Return the stretch from the line with "Skyltfönster med reklam" through the line with "Avant Garde Black" in the data below, character for character, skipping all pictures.

──────── DATA FOR THIS TASK

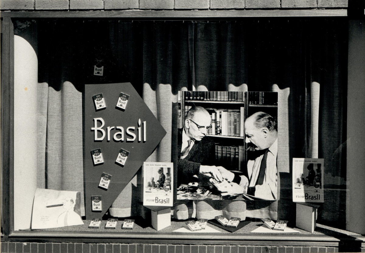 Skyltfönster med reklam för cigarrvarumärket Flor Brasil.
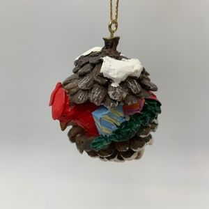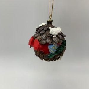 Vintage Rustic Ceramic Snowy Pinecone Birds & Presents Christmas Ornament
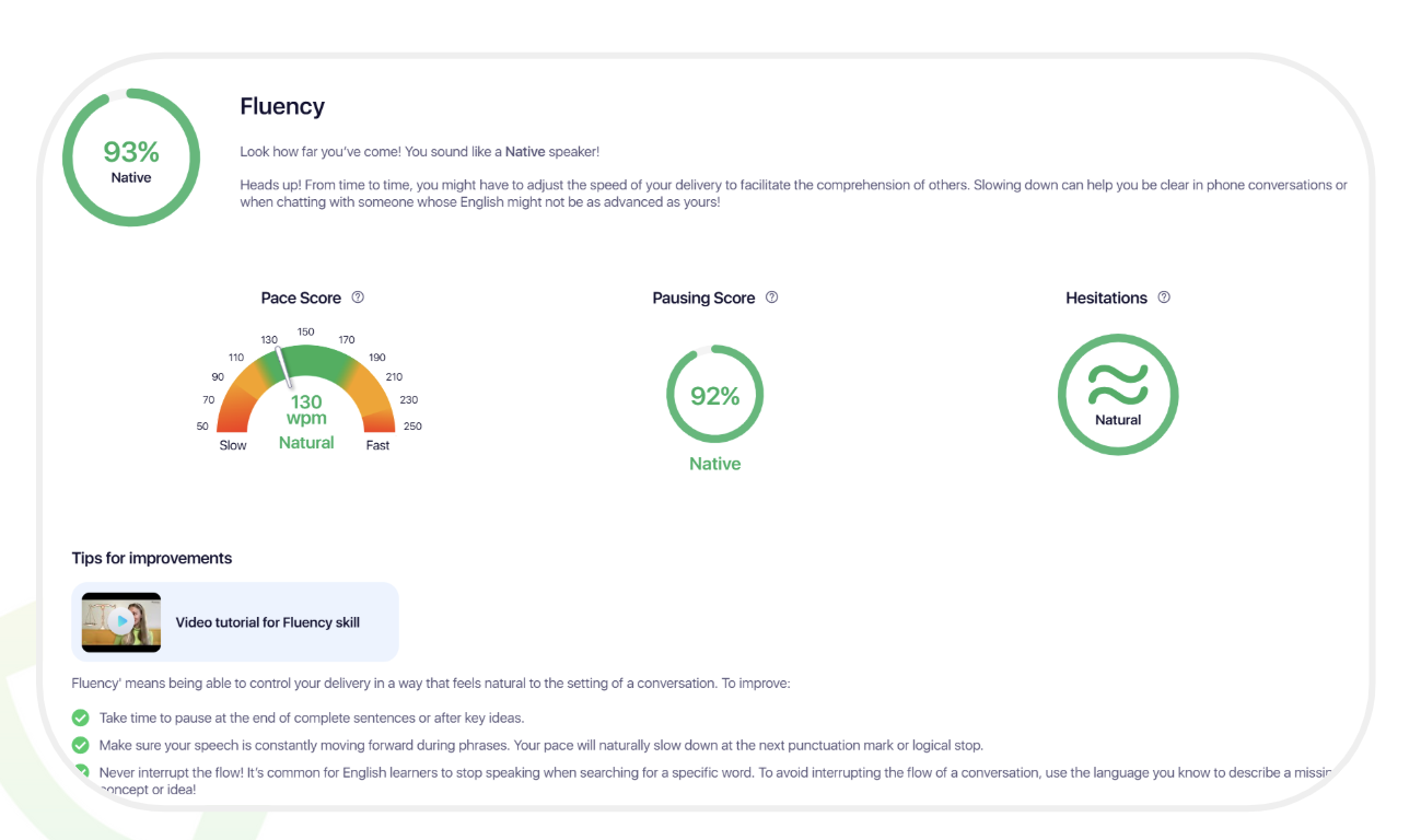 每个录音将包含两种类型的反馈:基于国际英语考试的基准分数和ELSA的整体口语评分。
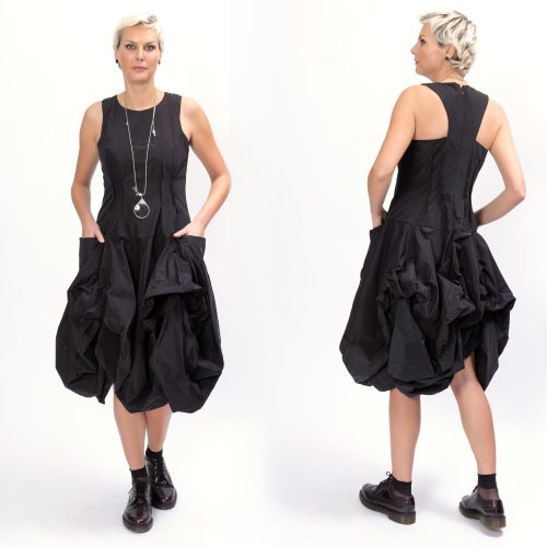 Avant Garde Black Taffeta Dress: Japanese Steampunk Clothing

────────────────
──────── DATA FOR THIS TASK

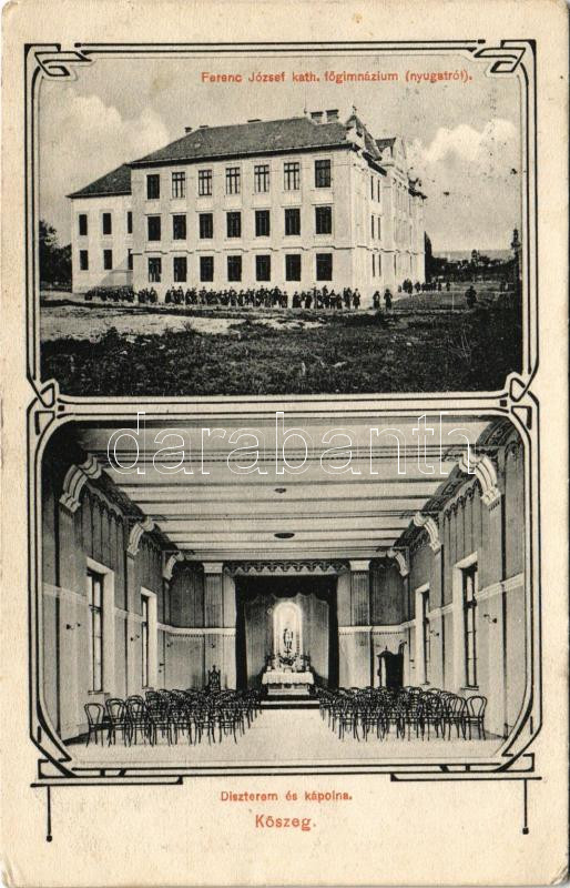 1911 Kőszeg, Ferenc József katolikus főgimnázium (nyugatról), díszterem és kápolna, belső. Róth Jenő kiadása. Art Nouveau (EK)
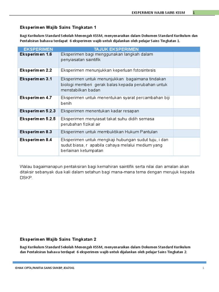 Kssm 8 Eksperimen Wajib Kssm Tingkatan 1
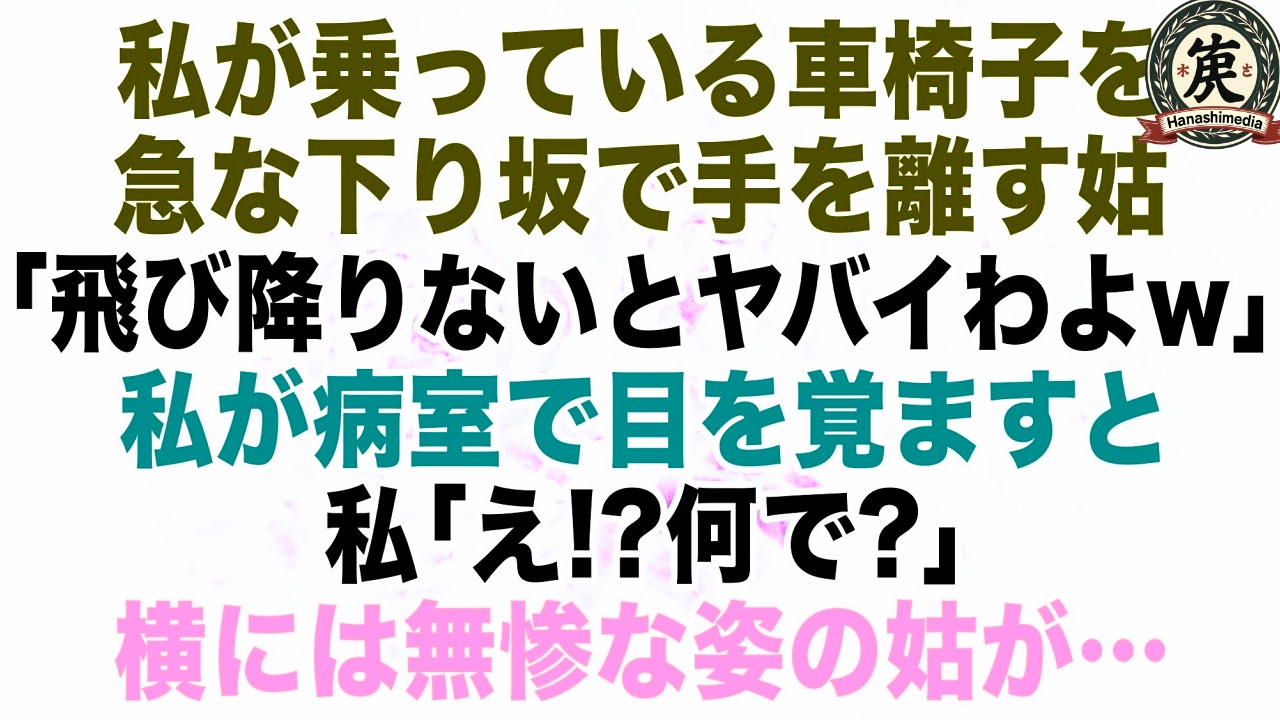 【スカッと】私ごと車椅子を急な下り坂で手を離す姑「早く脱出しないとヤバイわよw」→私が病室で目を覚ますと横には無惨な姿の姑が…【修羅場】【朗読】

────────────────

• **TASK ANSWER**:
 Skyltfönster med reklam för cigarrvarumärket Flor Brasil.
 Vintage Rustic Ceramic Snowy Pinecone Birds & Presents Christmas Ornament
 每个录音将包含两种类型的反馈:基于国际英语考试的基准分数和ELSA的整体口语评分。
 Avant Garde Black Taffeta Dress: Japanese Steampunk Clothing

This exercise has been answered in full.